The analysis in Chapter 10 demonstrates that the ideals held up by both Hierarchical and Atomistic approaches to governance produce pathologies of bondage and isolation, and that each perspective attempts to remedy the pathology of its counterpart. A fear of systemic crisis leads to the tenuous decision to let the contradictions stand between liberalisms, or to anchor the dualism to more centrist positions that produce the pathology of calicification. Yet attempts to find a kind of Golden Mean repeatedly fail. In contemporary times, more common is the dialectical escalation of mutual critiques and calls for reform that push ideologies toward polarized dynamic ideals. In these extreme Holographic and Fragmented positions, the pathologies of absorption and alienation are quite likely to lead to existential crisis. As found in other schismogenic systems, these existential crises bring the tension between collectivist and individualist positions to a breaking point. As a result, there is a widespread and “deep existential resentment of late modernism” (Connolly 2011, 8). Because there is insufficient ontological similarity to enable fluid movement from one extreme end of the Governance Arc to the other, the only options provided by Holographic and Fragmented are either an existential leap of revolution or retrenchment back toward more static ontological terrain to form hybrid positions aligned with liberal reform movements.

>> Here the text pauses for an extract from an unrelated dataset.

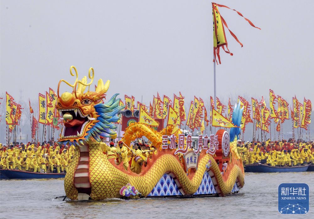 ↑ 4月6日,参加会船表演的选手在龙舟上舞龙。新华社发(汤德宏 摄)

This chapter explores these responses to existential crisis, noting that a leap from one extreme to the other simply lands the individual in the opposite pathology-from absorption to alienation or from alienation to absorption. To explain the dynamic of retrenchment from these positions, we replace the neoconservative, neoliberal, and communitarian reform movements with their respective hybrid approaches to governance in the Arc of Reification (see Figure 11.1)—the Reified State, the Reified Market, and the Reified Community.